Data for this task Start Marker
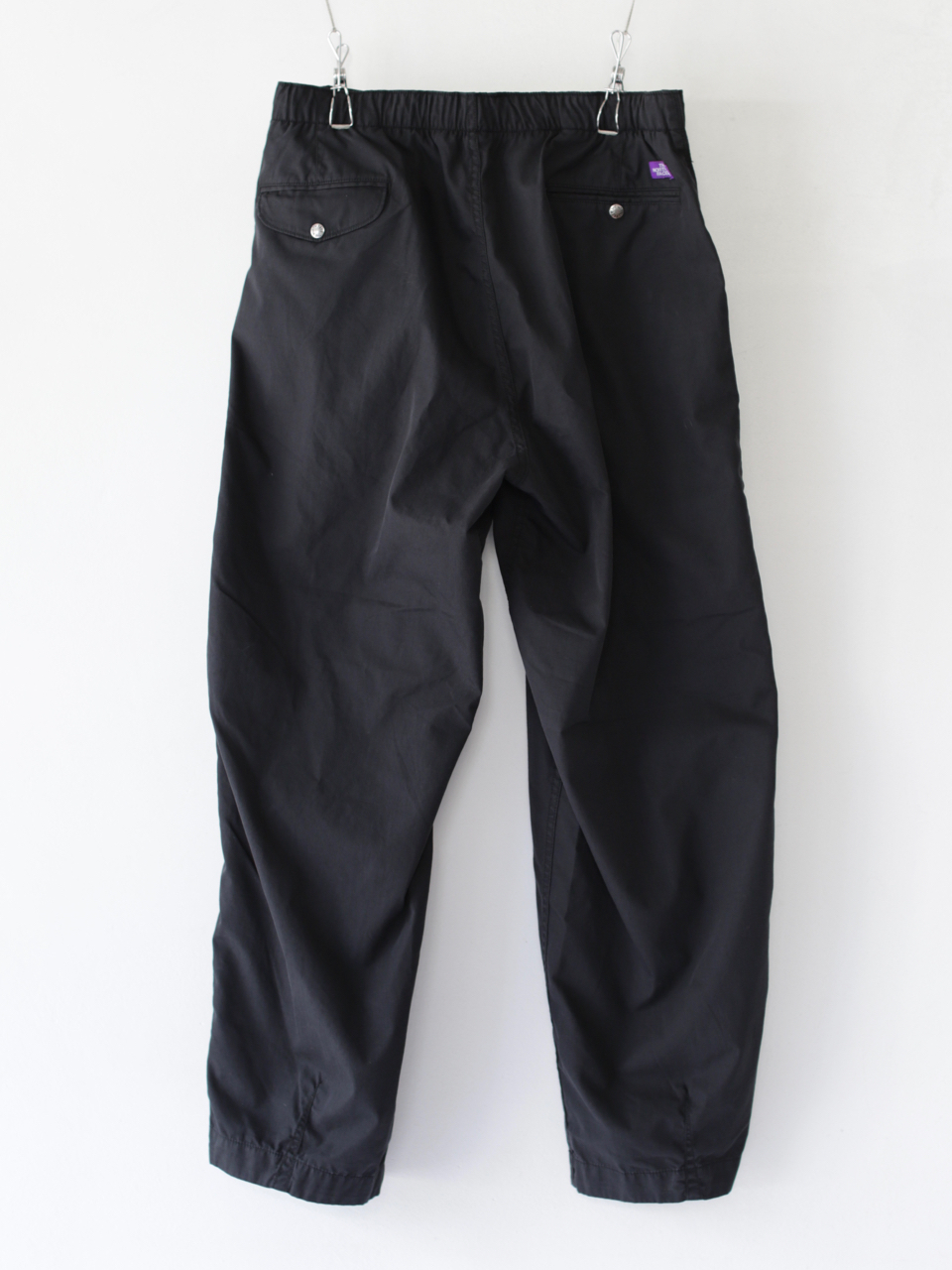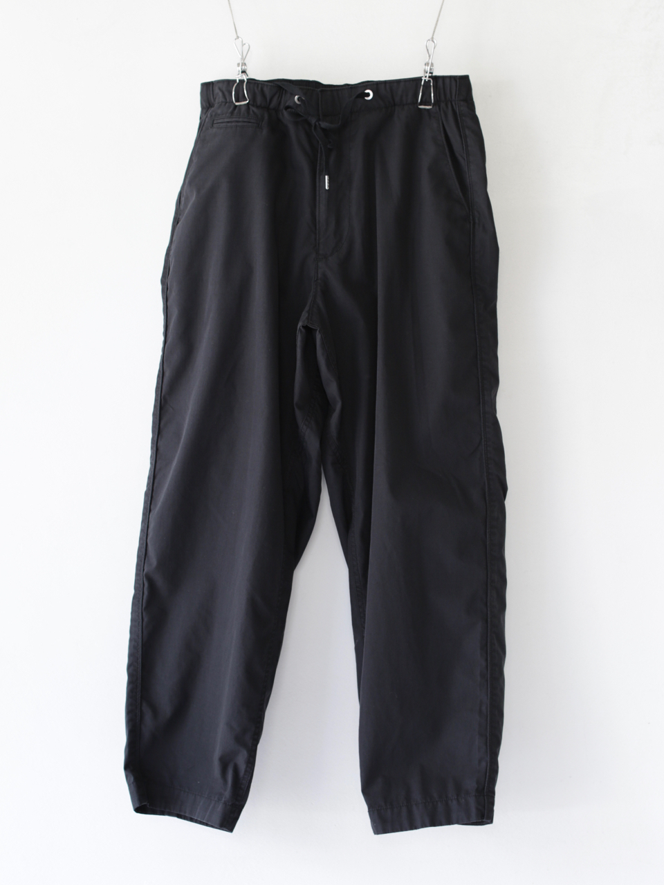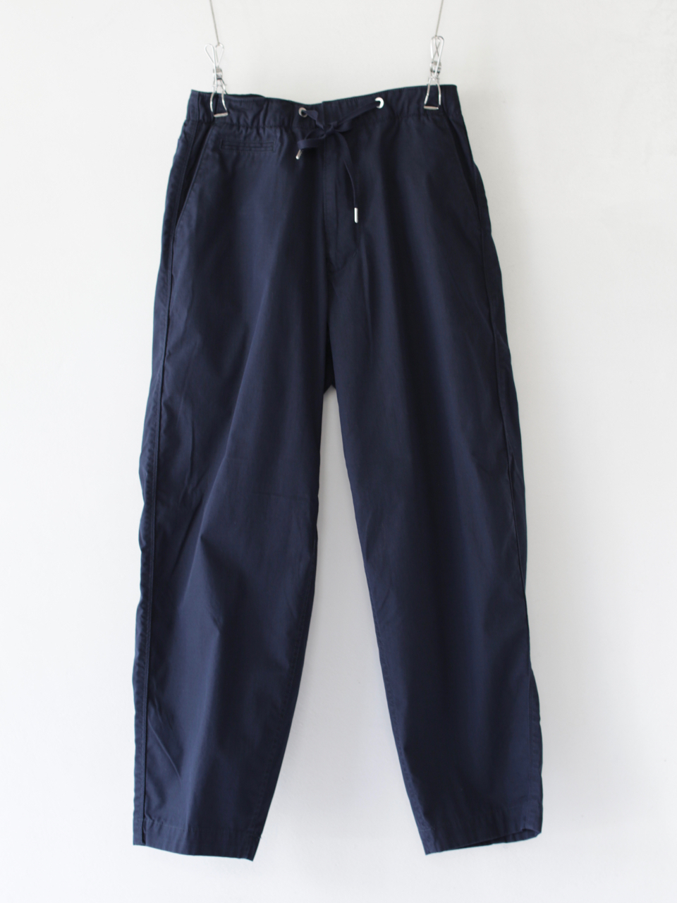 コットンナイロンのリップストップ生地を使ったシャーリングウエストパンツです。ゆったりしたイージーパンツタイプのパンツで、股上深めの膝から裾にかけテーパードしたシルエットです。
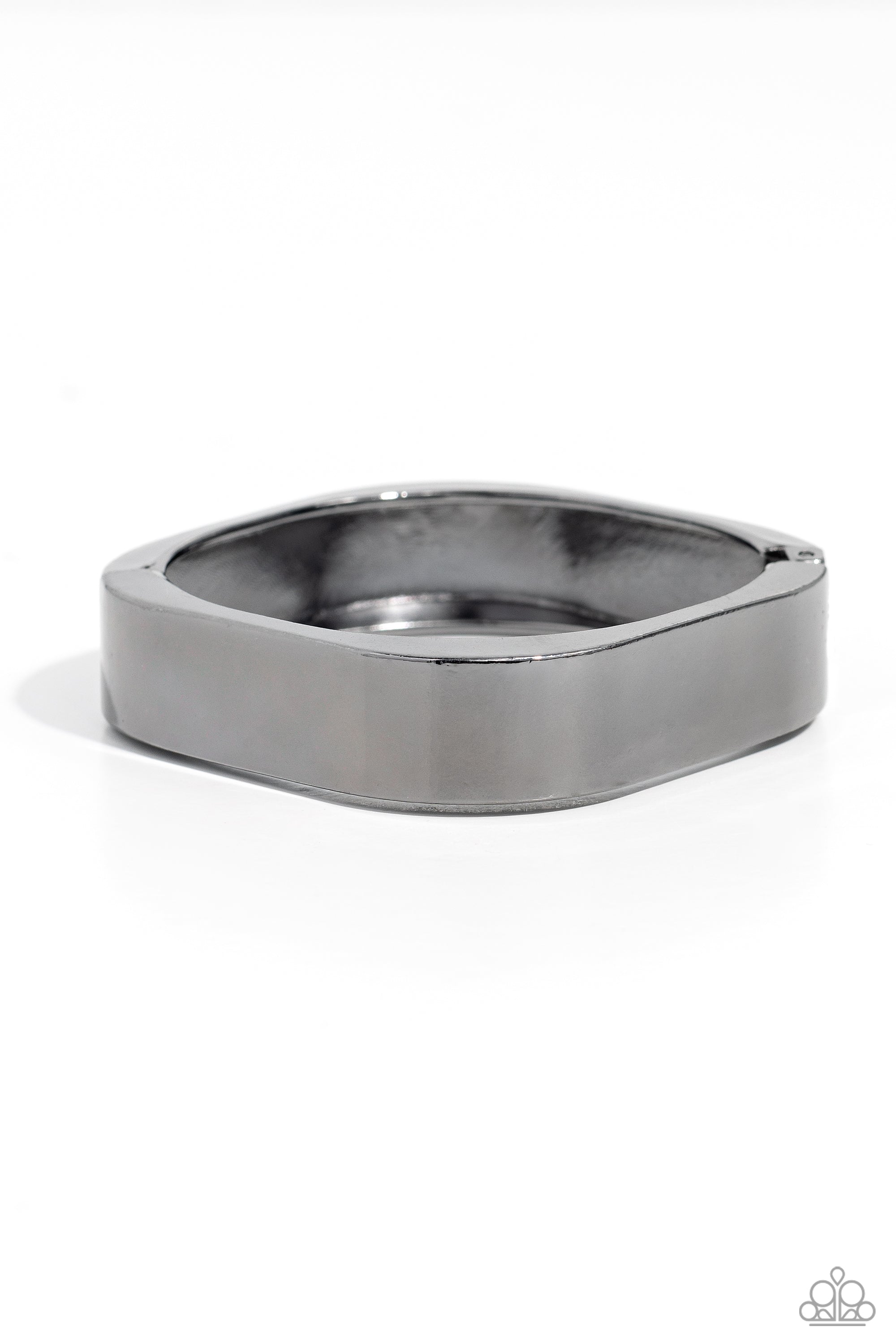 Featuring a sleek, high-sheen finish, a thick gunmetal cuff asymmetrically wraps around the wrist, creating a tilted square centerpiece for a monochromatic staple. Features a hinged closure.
Data for this task End Marker
Data for this task Start Marker
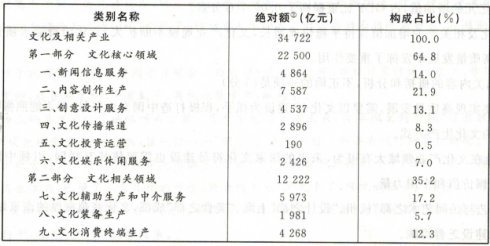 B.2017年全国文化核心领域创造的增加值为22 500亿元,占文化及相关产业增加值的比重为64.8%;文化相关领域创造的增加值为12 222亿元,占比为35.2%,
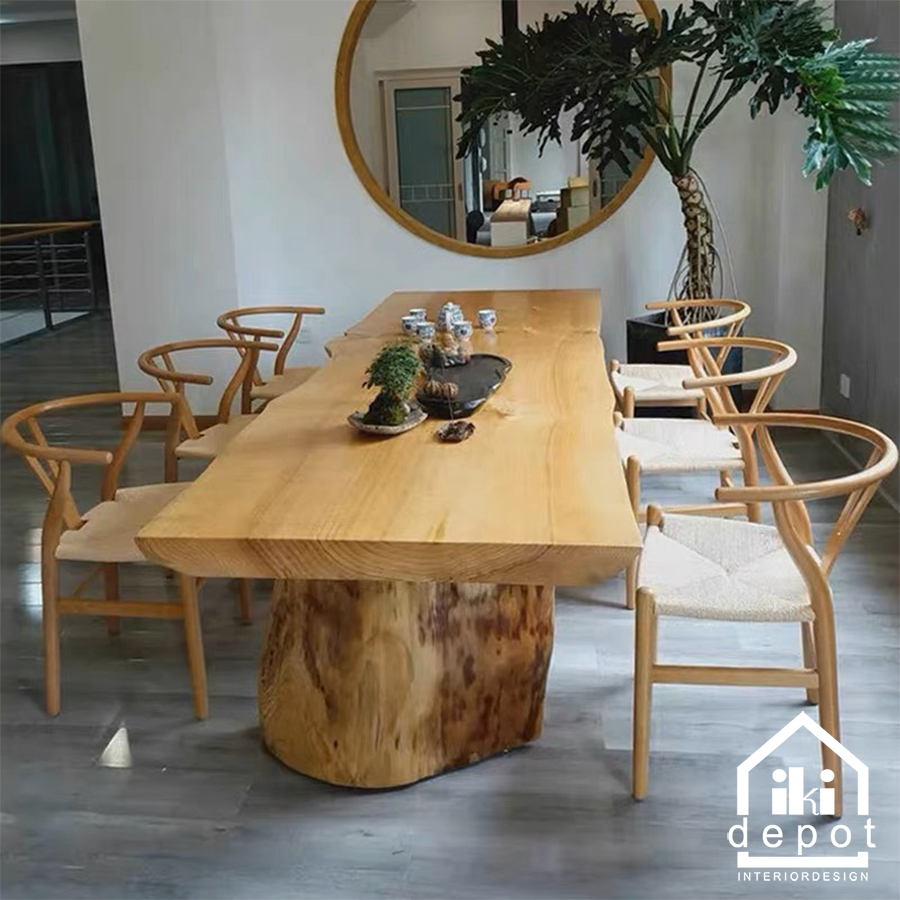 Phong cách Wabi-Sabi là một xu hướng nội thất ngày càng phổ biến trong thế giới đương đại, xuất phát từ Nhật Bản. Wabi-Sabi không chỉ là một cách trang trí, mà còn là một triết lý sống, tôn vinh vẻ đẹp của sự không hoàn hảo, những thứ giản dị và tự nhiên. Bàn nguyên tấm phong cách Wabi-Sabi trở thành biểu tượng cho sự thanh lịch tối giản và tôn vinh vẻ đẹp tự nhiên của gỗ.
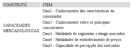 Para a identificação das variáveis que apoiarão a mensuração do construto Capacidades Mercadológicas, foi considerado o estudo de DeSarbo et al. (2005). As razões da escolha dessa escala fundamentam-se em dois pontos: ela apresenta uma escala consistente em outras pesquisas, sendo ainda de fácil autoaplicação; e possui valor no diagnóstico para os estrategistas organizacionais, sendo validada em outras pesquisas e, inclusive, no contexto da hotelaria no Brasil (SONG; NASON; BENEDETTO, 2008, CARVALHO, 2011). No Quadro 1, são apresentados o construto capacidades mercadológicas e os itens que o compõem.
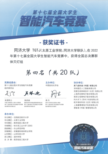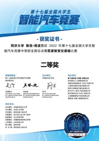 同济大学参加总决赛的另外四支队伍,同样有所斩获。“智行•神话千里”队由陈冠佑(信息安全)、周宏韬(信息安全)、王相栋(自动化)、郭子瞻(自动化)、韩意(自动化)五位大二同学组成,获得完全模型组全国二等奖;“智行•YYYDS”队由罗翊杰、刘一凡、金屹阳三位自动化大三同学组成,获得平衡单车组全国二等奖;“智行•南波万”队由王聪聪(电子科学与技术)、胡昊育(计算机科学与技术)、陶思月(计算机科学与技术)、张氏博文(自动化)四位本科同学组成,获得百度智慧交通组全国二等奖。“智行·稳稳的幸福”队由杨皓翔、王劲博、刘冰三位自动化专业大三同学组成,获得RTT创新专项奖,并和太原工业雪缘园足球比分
Data for this task End Marker
> **What is being asked**
Only one stretch of the data is wanted: write out exactly the lines from the one holding "Phong cách Wabi-Sabi là" through the one holding "Para a identificação", both included, without the pictures.

> **Exercise solution**
 Phong cách Wabi-Sabi là một xu hướng nội thất ngày càng phổ biến trong thế giới đương đại, xuất phát từ Nhật Bản. Wabi-Sabi không chỉ là một cách trang trí, mà còn là một triết lý sống, tôn vinh vẻ đẹp của sự không hoàn hảo, những thứ giản dị và tự nhiên. Bàn nguyên tấm phong cách Wabi-Sabi trở thành biểu tượng cho sự thanh lịch tối giản và tôn vinh vẻ đẹp tự nhiên của gỗ.
 Para a identificação das variáveis que apoiarão a mensuração do construto Capacidades Mercadológicas, foi considerado o estudo de DeSarbo et al. (2005). As razões da escolha dessa escala fundamentam-se em dois pontos: ela apresenta uma escala consistente em outras pesquisas, sendo ainda de fácil autoaplicação; e possui valor no diagnóstico para os estrategistas organizacionais, sendo validada em outras pesquisas e, inclusive, no contexto da hotelaria no Brasil (SONG; NASON; BENEDETTO, 2008, CARVALHO, 2011). No Quadro 1, são apresentados o construto capacidades mercadológicas e os itens que o compõem.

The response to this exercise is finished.